▸ Data extracted from a collection
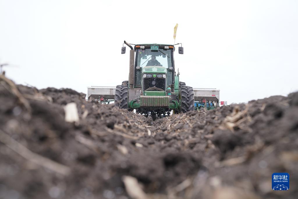 4月12日,在建设农场有限公司一处农田中,许志国驾驶大型拖拉机进行分层定量施肥作业。
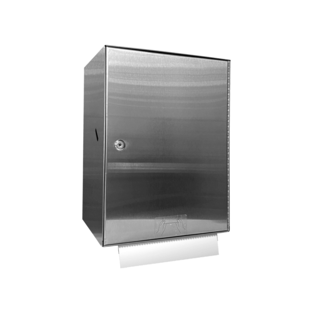 Contient un rouleau d'essuie-mains standard de 8" x 8" (203 x 203 mm) et un rouleau de 3" de diamètre (Ø76 mm) et distribue un essuie-mains coupé sur toute la largeur de 12" (305) de long à partir d'un distributeur automatique d'essuie-mains. L'unité passe automatiquement d'un rouleau épuisé à un nouveau rouleau sans interruption. Fabriqué en acier inoxydable de type 304 et finition satinée. Equipé d'une serrure à gorges et d'une charnière à piano en acier inoxydable à plusieurs points d'ancrage. Les bords de l'armoire sont ourlés pour plus de sécurité.
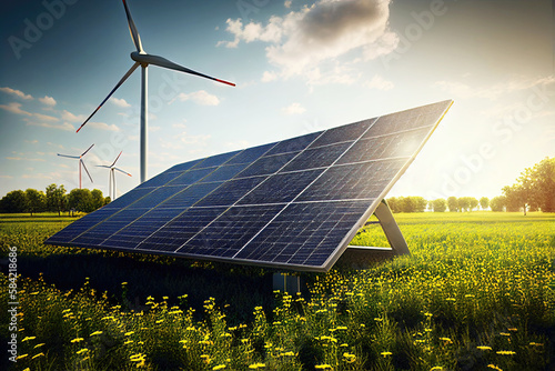Renewable energy solar panel and windmills on summer meadow (Generative AI)
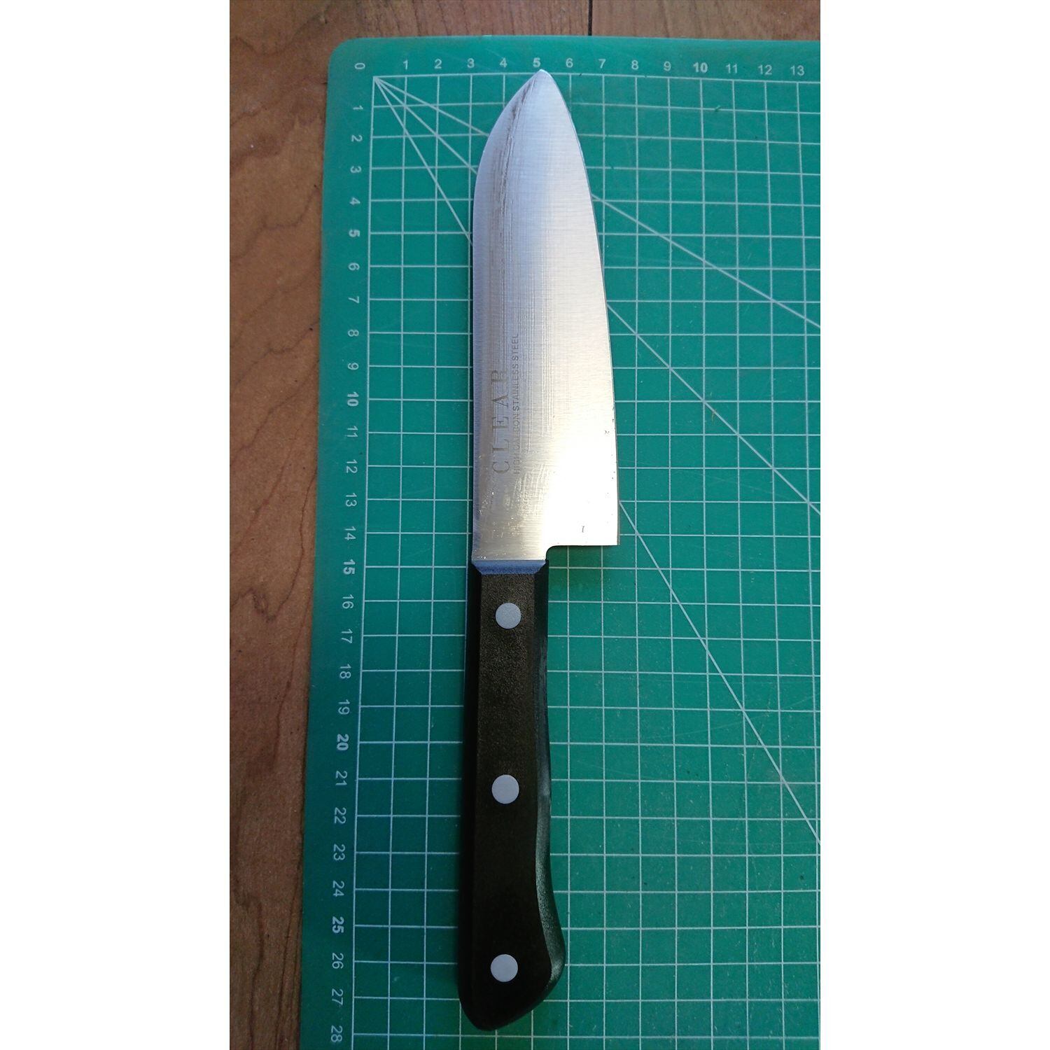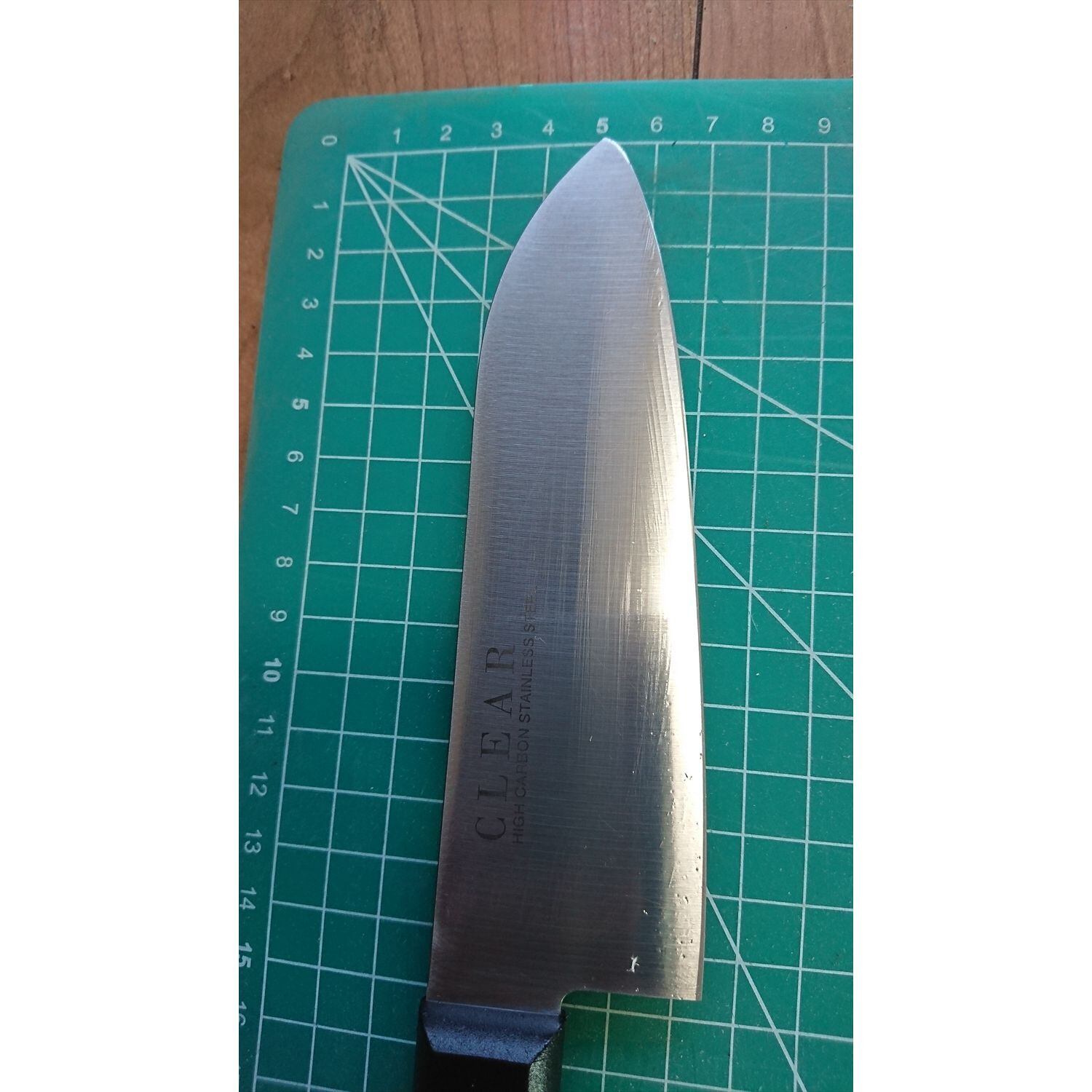 1. o2455/状態:中古/銘:CLEAR/三徳包丁(両刃 左5:右5 右利き・左利き兼用)/刃長:145/峰厚 アゴ上:1.3/重量:104/作り:High Carbon Stainless Steel/他:
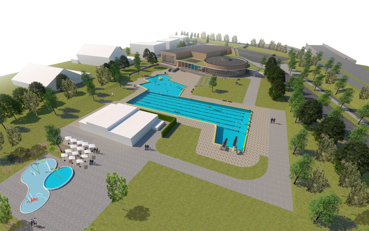 Das Schwimmbad wird auf dem Gelände des heutigen Freibads an der Regerstraße gebaut. Geplant ist ein 25-Meter-Sportbecken, ein Warmwasser- und ein Sole-Becken - also ein Becken, wo Mineralstoffe im Wasser sind. Im Freibadbereich ist zudem ein Kleinkinderbecken mit Wasserspielplatz geplant. Das neue Bad soll spätestens in zwei Jahren (2022) fertig sein.
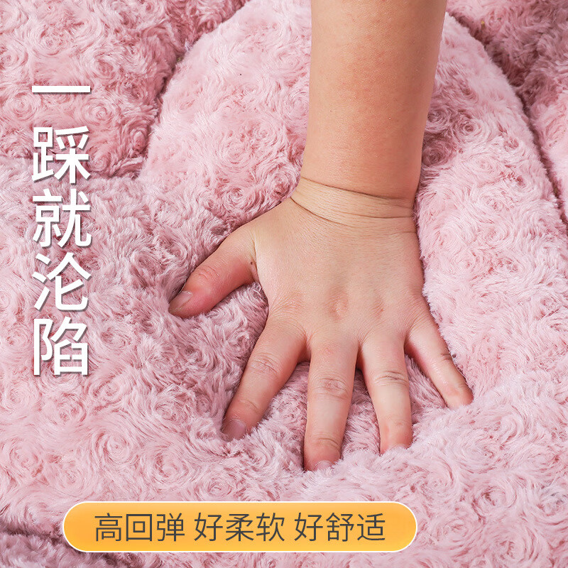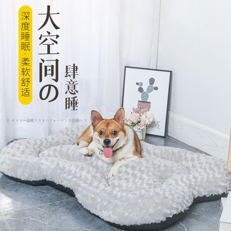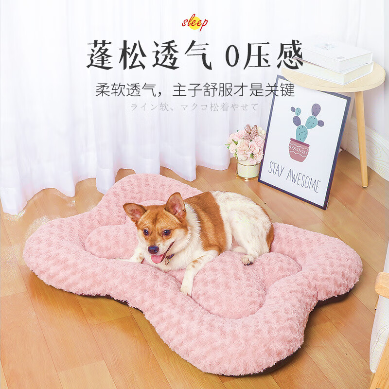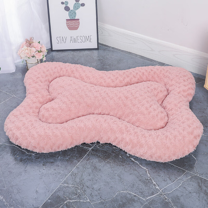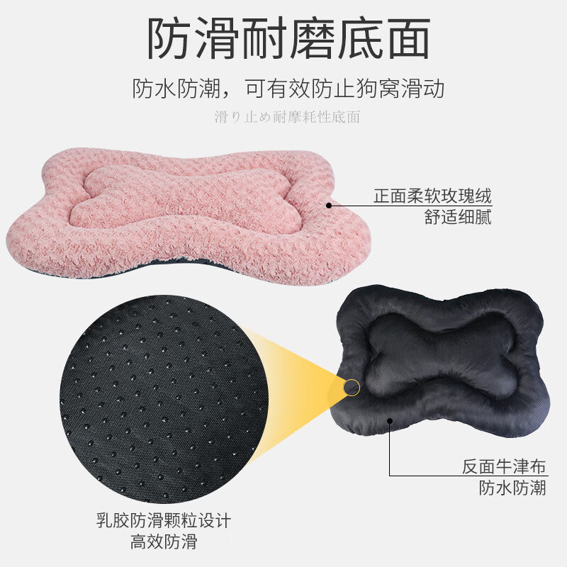 短云新款四季通用玫瑰纹骨头垫猫垫狗垫大小型犬猫猫垫狗狗用品 玫瑰绒粉色 80*50
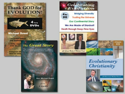 Here is a gift idea that will also help us immensely: Burn copies of our DVDs for others. Deepen your knowledge of The Great Story and share an inspiring evolutionary perspective with your friends and family by purchasing one or more of our DVD sets and then making as many copies as you wish. Duplicate them yourself or have Kinkos do it for you. PDFs of the DVD jacket graphics can be downloaded from the DVD purchase page (linked below) and you can purchase blank DVD cases at Staples, Office Depot, or OfficeMax. Burn as many copies of our DVDs as you'd like! For example, a minister from a large church in the Midwest bought two of our DVD sets and then had Kinkos make 35 copies of each, which became his Christmas gifts to the volunteer leaders of his church that year. Click here to access the reduced price page and order online: $25 per 4-hr set, rather than the standard $30 price. This offer is available to Evolutionary Times readers through the end of 2009.
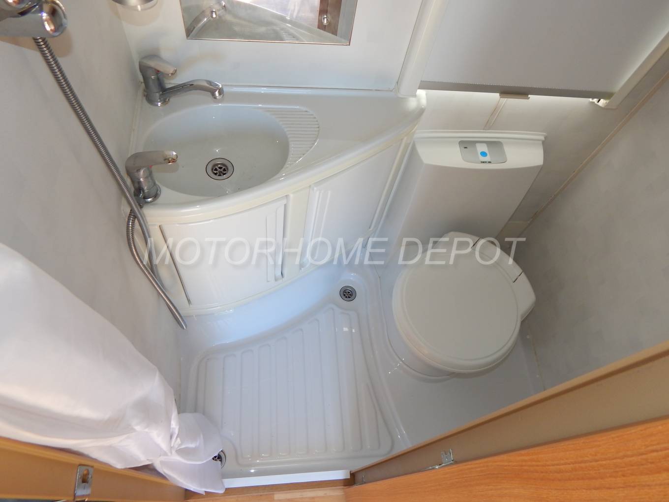 chrome mixer tap, mirror above and cabinet below. A Thetford cassette
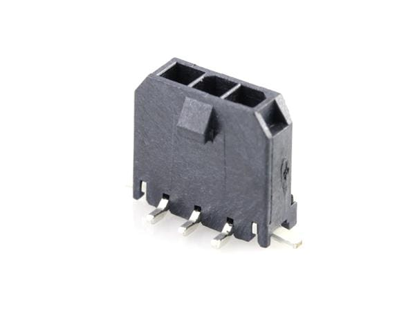 Molex 43650-0350 Headers Micro-Fit 3.0 Vertical Header, 3.00mm Pitch, Single Row, 3 Circuits, with Solder Tab, Tin, Glow-Wire Capable, Black, Tape and Reel
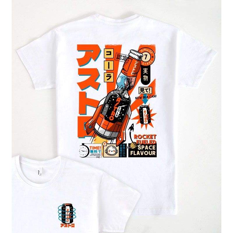 T-Shirt Space Flavour Bianca con Design a Razzo, Abbigliamento Promozionale Unisex
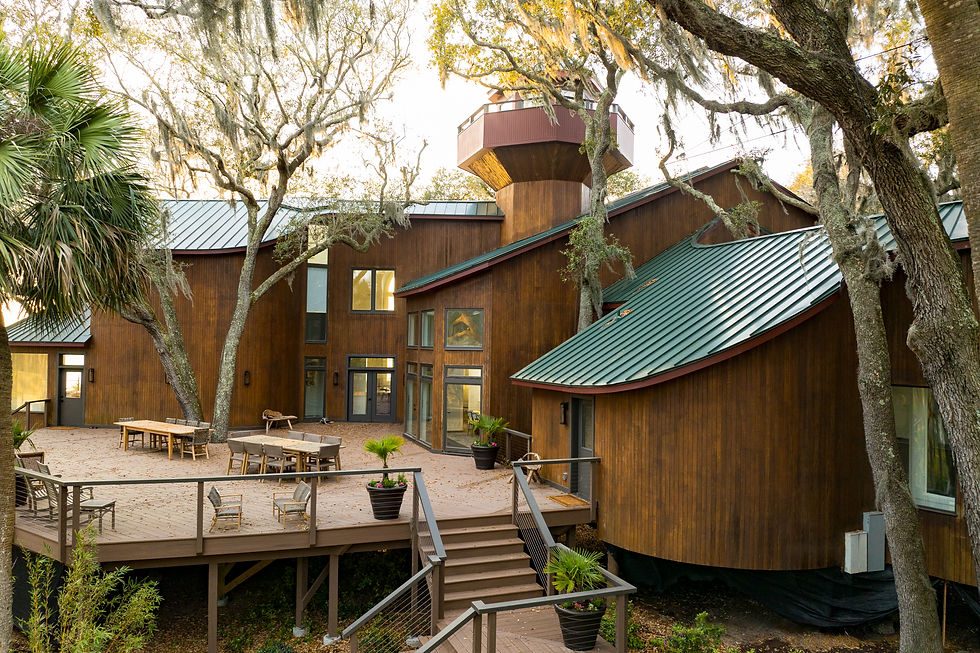 Multiple outdoor gathering areas are seamlessly integrated throughout the landscape, each designed to embrace the marsh front setting—creating a collection of inviting spaces to relax, connect, and experience the outdoors from every vantage point.
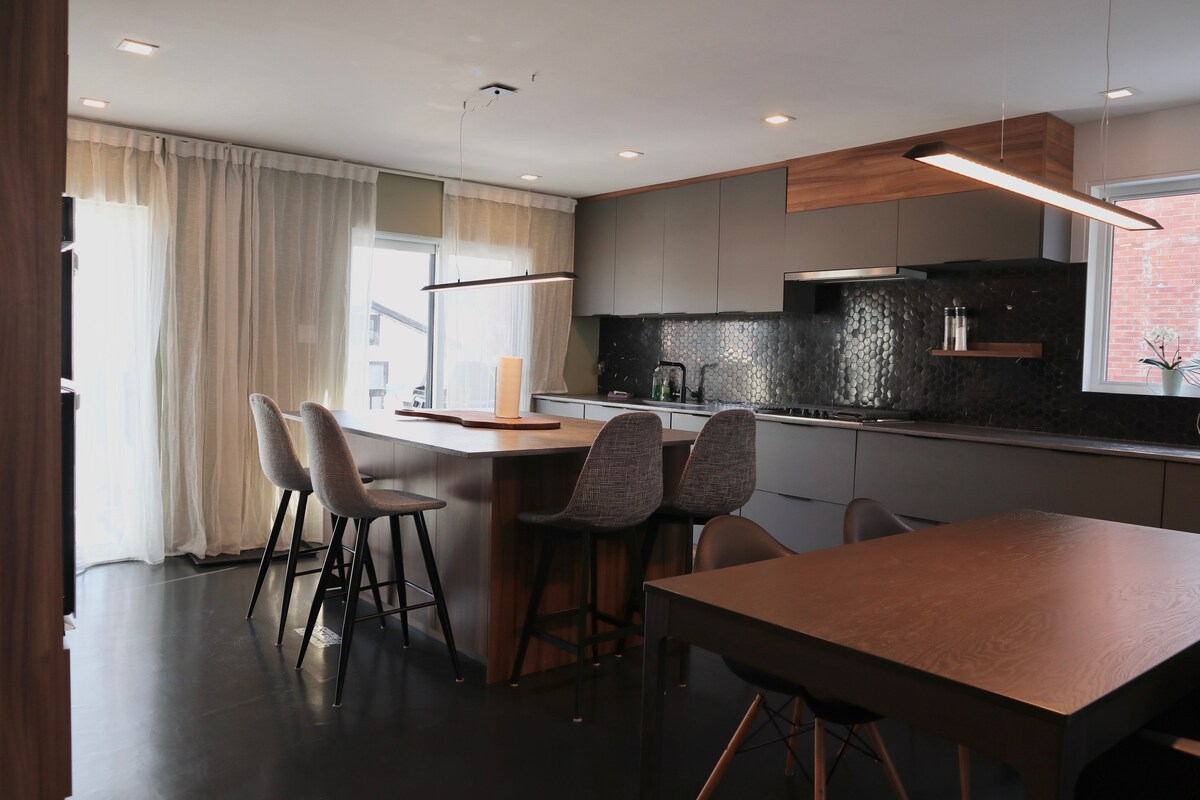 Acogedor chalet atemporal conceptualizado por los arquitectos de _naturehumaine. Ubicado en el acantilado a una altitud de 490 metros (1600 pies), su diseño único se distingue por la audacia y la originalidad y encaja con la armonía en su entorno. Rodeada de bosque, la cabaña ofrece vistas impresionantes del monte Glen y la naturaleza circundante, protegida en gran parte por el Corredor de los Apalaches. El lugar silencioso perfecto para relajarte y relajarte. Foto: Adrien Williams / S.A. CITQ #302449
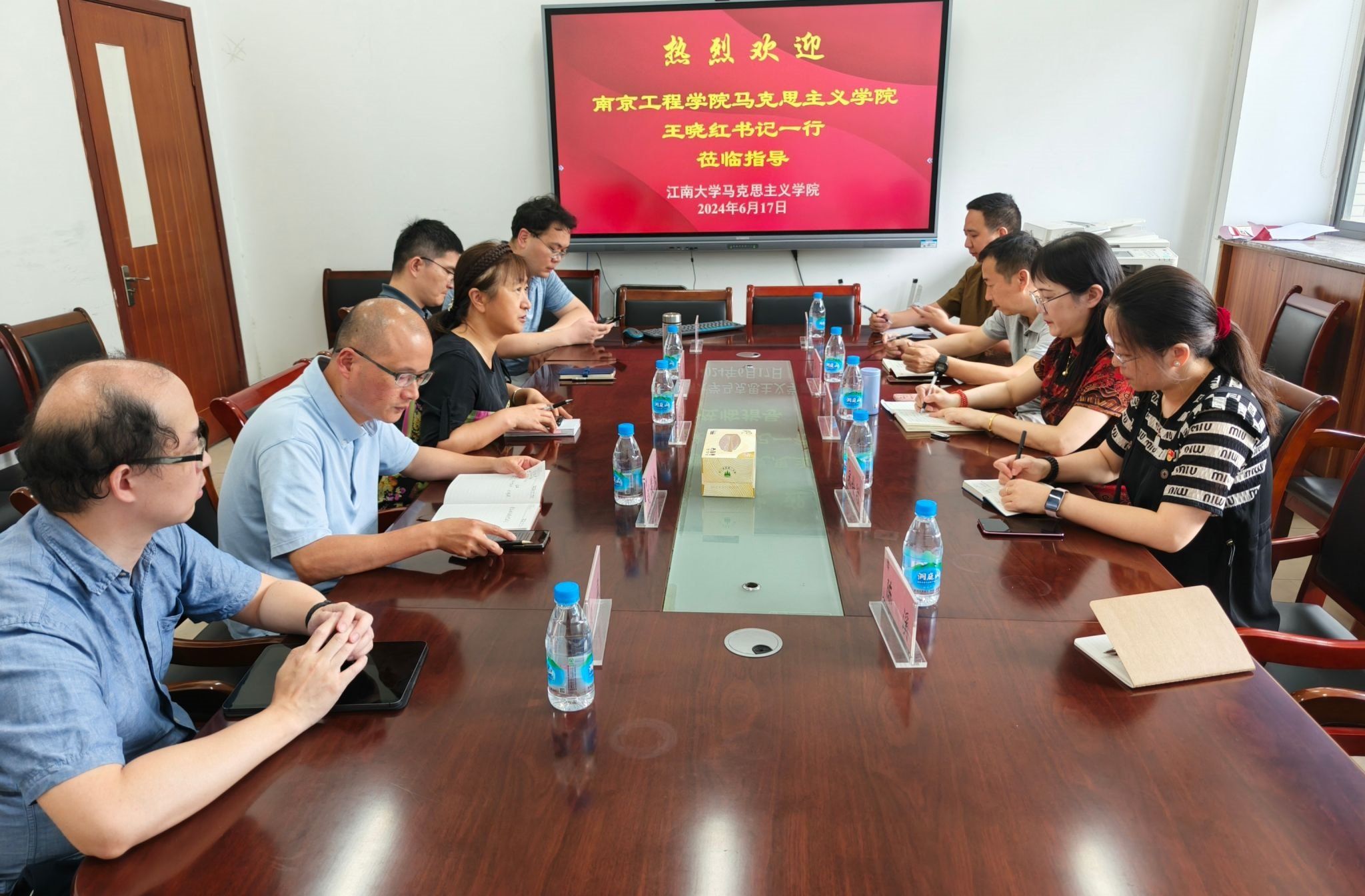 在无锡物联网创新促进中心,学院一行针对物联网概念、智慧工业、智慧金融、智慧医疗等领域进行了细致的了解,为学院未来讲好新质生产力主题、党建融合、服务地方社会发展等积累了丰富的实践资料。在江南大学马克思主义学院,该院相关负责人介绍了学院的基本情况、绩效考核和分配办法,推荐了该院的特色品牌“宝哥讲思政”,讲述了该院在申报江苏省示范性马院、科研项目申报与科研队伍建设、教学推进等主动有益经验。双方围绕教学、科研、人才培养、学科建设等方面的共性问题展开讨论。
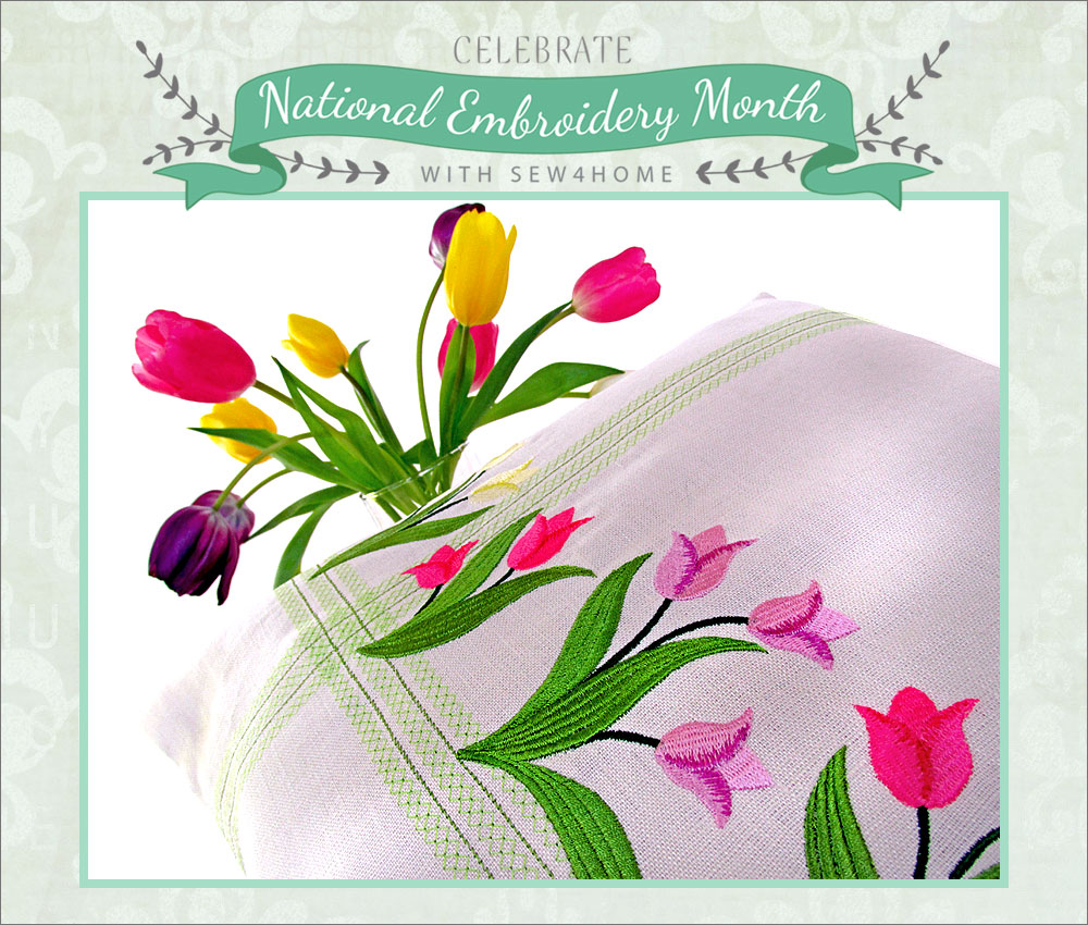 February is National Grapefruit Month as well as National Wild Bird Feeding Month. Both worthy celebrations, but we’re most interested in it also being National Embroidery Month! To celebrate we have a set of five free machine embroidery designs from Sew4Home sewist team member (and digitizing designer extraordinaire), Michele Mishler. In the midst of winter rain, snow, and ice, these lovely custom tulip designs will bring the freshness of spring to your next machine embroidery project. We also show you the steps for creating the Michele’s Tulip Garden Pillow shown above.

▸ PROBLEM TO WORK ON
Repeat the lines above exactly, beginning with the one containing "Here is a gift" and finishing with the one containing "Acogedor chalet atemporal". No pictures belong in the copy.

▸ RESULT OF THIS TASK
 Here is a gift idea that will also help us immensely: Burn copies of our DVDs for others. Deepen your knowledge of The Great Story and share an inspiring evolutionary perspective with your friends and family by purchasing one or more of our DVD sets and then making as many copies as you wish. Duplicate them yourself or have Kinkos do it for you. PDFs of the DVD jacket graphics can be downloaded from the DVD purchase page (linked below) and you can purchase blank DVD cases at Staples, Office Depot, or OfficeMax. Burn as many copies of our DVDs as you'd like! For example, a minister from a large church in the Midwest bought two of our DVD sets and then had Kinkos make 35 copies of each, which became his Christmas gifts to the volunteer leaders of his church that year. Click here to access the reduced price page and order online: $25 per 4-hr set, rather than the standard $30 price. This offer is available to Evolutionary Times readers through the end of 2009.
 chrome mixer tap, mirror above and cabinet below. A Thetford cassette
 Molex 43650-0350 Headers Micro-Fit 3.0 Vertical Header, 3.00mm Pitch, Single Row, 3 Circuits, with Solder Tab, Tin, Glow-Wire Capable, Black, Tape and Reel
 T-Shirt Space Flavour Bianca con Design a Razzo, Abbigliamento Promozionale Unisex
 Multiple outdoor gathering areas are seamlessly integrated throughout the landscape, each designed to embrace the marsh front setting—creating a collection of inviting spaces to relax, connect, and experience the outdoors from every vantage point.
 Acogedor chalet atemporal conceptualizado por los arquitectos de _naturehumaine. Ubicado en el acantilado a una altitud de 490 metros (1600 pies), su diseño único se distingue por la audacia y la originalidad y encaja con la armonía en su entorno. Rodeada de bosque, la cabaña ofrece vistas impresionantes del monte Glen y la naturaleza circundante, protegida en gran parte por el Corredor de los Apalaches. El lugar silencioso perfecto para relajarte y relajarte. Foto: Adrien Williams / S.A. CITQ #302449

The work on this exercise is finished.